Starkbieranstich auf dem Nockherberg:Weniger wäre mehr gewesen

Wo ist der Esprit? Bußprediger Lerchenberg überzeugt zwar schauspielerisch, Pointen sind aber dünn gesät.

Wolfgang Görl

Die Salvator-Probe 2008 - sie ist eine Premiere in mehrfacher Hinsicht: neuer Bußprediger, neuer Ministerpräsident, neuer Ex-Ministerpräsident. Und wenn es stimmt, dass Günther Beckstein seine Rolle als bayerischer Kabinettschef bis dato ebenso wenig glanzvoll ausfüllt wie Edmund Stoiber die seine als Frührentner mit Sonderaufgaben in Sachen Bürokratieabbau, dann muss man hinzufügen, dass es ihnen Michael Lerchenberg als "Bruder Barnabas" gleichtut.
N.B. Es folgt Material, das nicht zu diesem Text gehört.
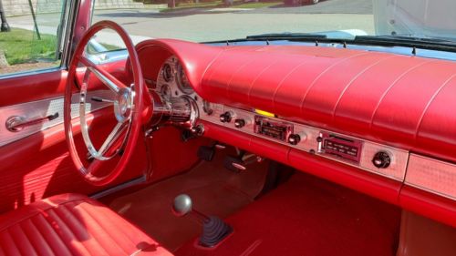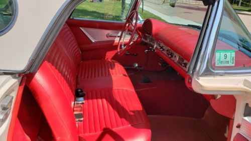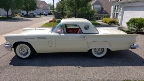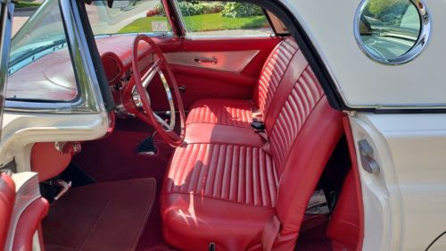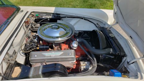 -Colonial White with port hole in the removable hardtop. Red interior. Not original paint but original color.
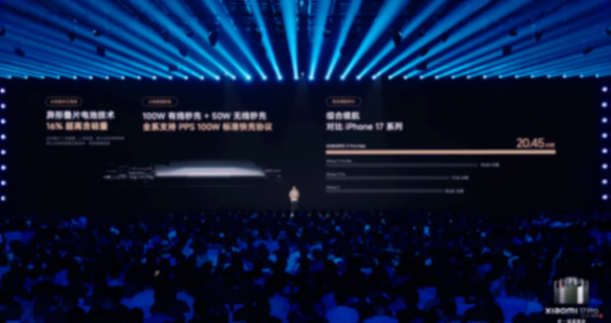 小米17Pro搭载6300mAh电池含量,机身薄至8mm,打造了小米史上最小主板;创新L形叠片结构,含硅量高达16%,续航创新高。
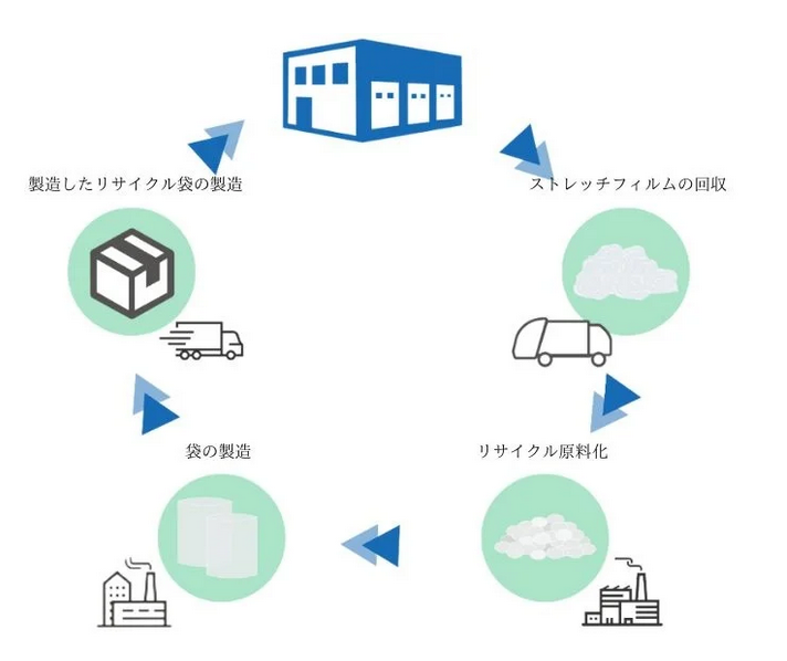 同プロジェクトでは、マツダ株式会社が製造・物流過程で使用したプラスチック包装材(ストレッチフィルム)を、廃棄(焼却)するのではなく、回収~ペレット加工~再商品(ビニール袋)化する取り組みについて二酸化炭素の排出量を算定しました。
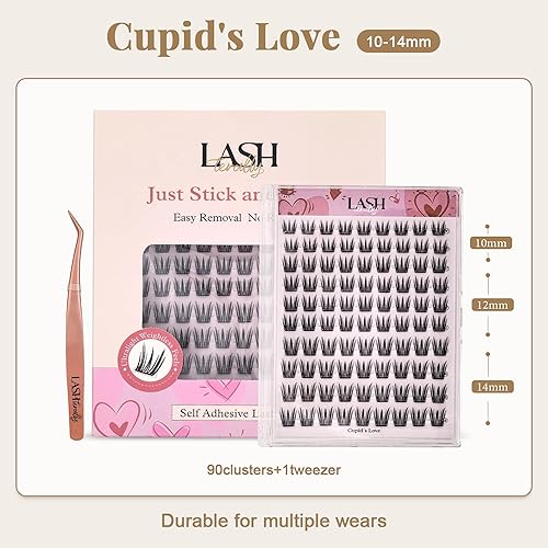 Instant No-Glue Application – Pre- glued lash clusters Achieve salon-quality lashes in seconds with self-adhesive clusters that press directly beneath natural lashes. you don’t need lash glue even lash applicator, you just need a box of self adhesive eyelashes, just take off clusters and put on your natural lashes! Includes Magic Tweezer for precision placement (90 clusters in 10-14mm lengths).

Oder, um genauer zu sein: Lerchenbergs schauspielerische Leistung als Vortragender ist makellos, der Text freilich, den er zusammen mit dem Kabarettisten Christian Springer verfasst hat, ist recht langatmig geraten. Man hätte gern etwas mehr gelacht, aber dazu waren die wirklich zündenden Pointen doch zu dünn gesät.

Ehe es losgeht, zieht Beckstein zum Klang des unvermeidlichen bayerischen Defiliermarschs in den Paulaner-Festsaal ein, verfolgt von einen Großaufgebot an Kameraleuten und Fotografen. Beinahe unbemerkt gelangt hingegen CSU-Chef Erwin Huber in die heiligen Hallen: Er ist plötzlich da, so als wäre er gerade aus dem Boden gewachsen. Wie man einen glamourösen Auftritt hinlegt, könnte Huber von seiner Generalsekretärin Christine Haderthauer lernen. Die flotte Lady besteigt gleich mal die Bühne und posiert dort für die Fotografen als, wie Huber vermutlich sagen würde, Upper-Bavarian-Glamour-Girl.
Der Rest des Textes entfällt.